■ **WHAT THE EXERCISE ASKS**
Nothing but an exact repeat of the data, with pictures removed, belongs in the answer.

(COLLECTED DATA Opens)

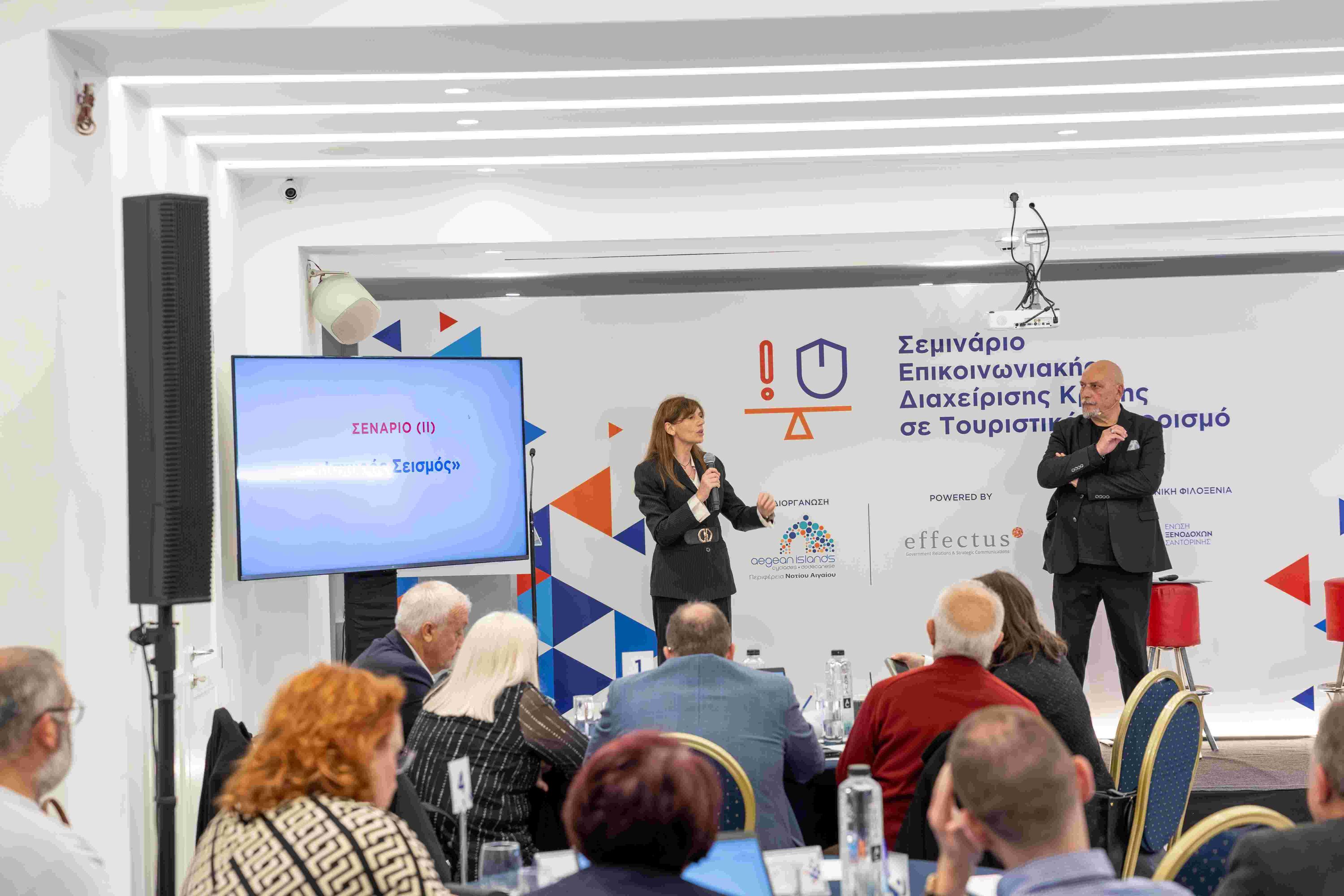Σκοπός του σεμιναρίου ήταν η εκπαίδευση αυτοδιοικητικών στελεχών και εκπροσώπων του τουρισμού στην Επικοινωνιακή Διαχείριση μιας πιθανής κρίσης στον προορισμό.
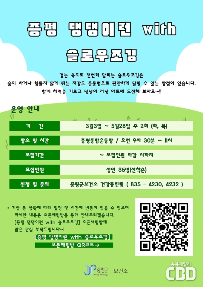 충북 증평군보건소가 지역주민의 신체활동 증진과 만성질환 예방을 위해 슬로우조깅 프로그램 참여자 35명을 이달 27일까지 선착순 모집한다.
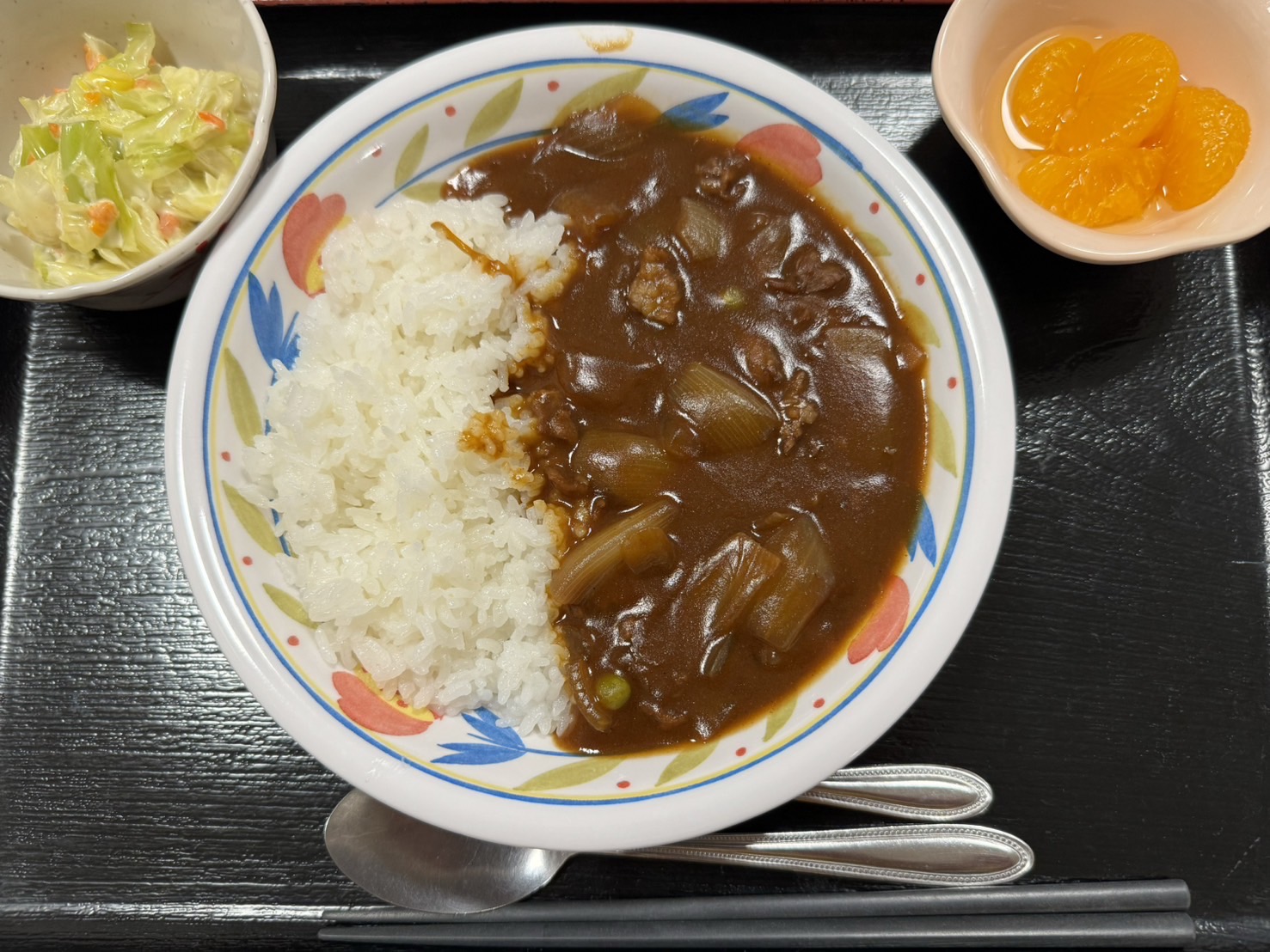 【昼食】 1.ハヤシライス 2.コールスローサラダ 3.フルーツ缶
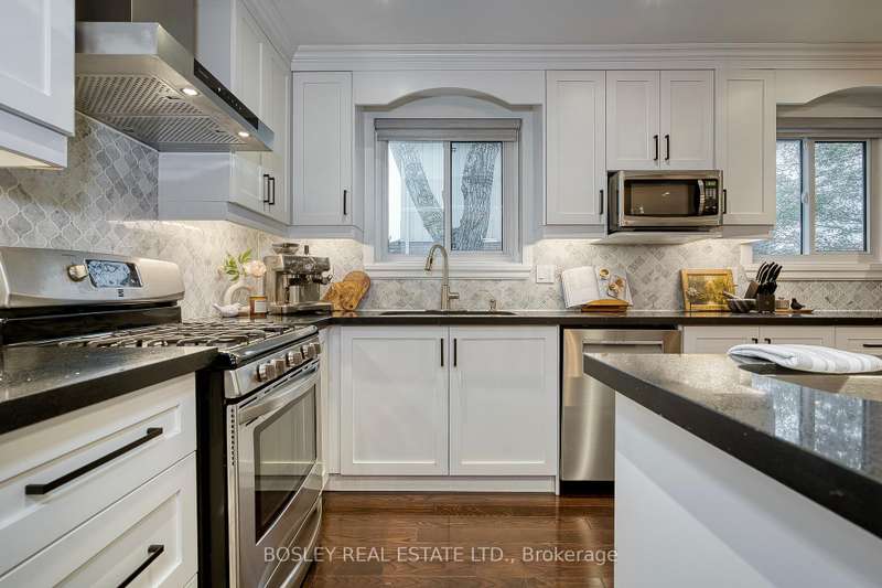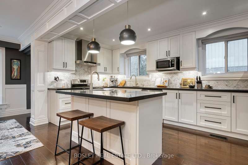 Prime Guildwood location! This beautifully renovated 4-level detached backsplit offers stylish, modern living just one street from the lake. Step into a spacious custom-tiled foyer with ample closet space, leading to an open-concept living and dining area filled with natural light. The updated kitchen overlooks the main living space and features a gas stove, stainless steel appliances, quartz counters, marble backsplash, and a functional island-perfect for everyday living and entertaining. A few steps up are three bedrooms, including a spacious primary with custom wall-to-wall built-ins. The sleek renovated 4-piece bath offers heated floors for year-round comfort. Just off the kitchen, the ground level includes a large bedroom, a renovated 3-piece bath, and a cozy family room with a wood-burning fireplace and new garden doors opening to the private backyard. Enjoy a professionally landscaped outdoor retreat complete with a patio, deck, fire pit, and in-ground irrigation system. Additional upgrades include hardwood floors throughout, solid core interior doors with upgraded hardware, custom window coverings with blackout blinds, and a new front door with a 3-point locking system. The finished basement offers a recreation room, laundry area, and extensive crawl-space storage. A few more updates include roof (2024), new washing machine (2024), and new dishwasher (2025). Steps to Elizabeth Simcoe Public School and close to scenic lakefront trails-this is Guildwood living at its finest! Enjoy nearby tennis courts, highly rated schools, and a leisurely walk to the historic Guild Inn.

(COLLECTED DATA Closes)

■ **RESPONSE BELOW**
Σκοπός του σεμιναρίου ήταν η εκπαίδευση αυτοδιοικητικών στελεχών και εκπροσώπων του τουρισμού στην Επικοινωνιακή Διαχείριση μιας πιθανής κρίσης στον προορισμό.
 충북 증평군보건소가 지역주민의 신체활동 증진과 만성질환 예방을 위해 슬로우조깅 프로그램 참여자 35명을 이달 27일까지 선착순 모집한다.
 【昼食】 1.ハヤシライス 2.コールスローサラダ 3.フルーツ缶
 Prime Guildwood location! This beautifully renovated 4-level detached backsplit offers stylish, modern living just one street from the lake. Step into a spacious custom-tiled foyer with ample closet space, leading to an open-concept living and dining area filled with natural light. The updated kitchen overlooks the main living space and features a gas stove, stainless steel appliances, quartz counters, marble backsplash, and a functional island-perfect for everyday living and entertaining. A few steps up are three bedrooms, including a spacious primary with custom wall-to-wall built-ins. The sleek renovated 4-piece bath offers heated floors for year-round comfort. Just off the kitchen, the ground level includes a large bedroom, a renovated 3-piece bath, and a cozy family room with a wood-burning fireplace and new garden doors opening to the private backyard. Enjoy a professionally landscaped outdoor retreat complete with a patio, deck, fire pit, and in-ground irrigation system. Additional upgrades include hardwood floors throughout, solid core interior doors with upgraded hardware, custom window coverings with blackout blinds, and a new front door with a 3-point locking system. The finished basement offers a recreation room, laundry area, and extensive crawl-space storage. A few more updates include roof (2024), new washing machine (2024), and new dishwasher (2025). Steps to Elizabeth Simcoe Public School and close to scenic lakefront trails-this is Guildwood living at its finest! Enjoy nearby tennis courts, highly rated schools, and a leisurely walk to the historic Guild Inn.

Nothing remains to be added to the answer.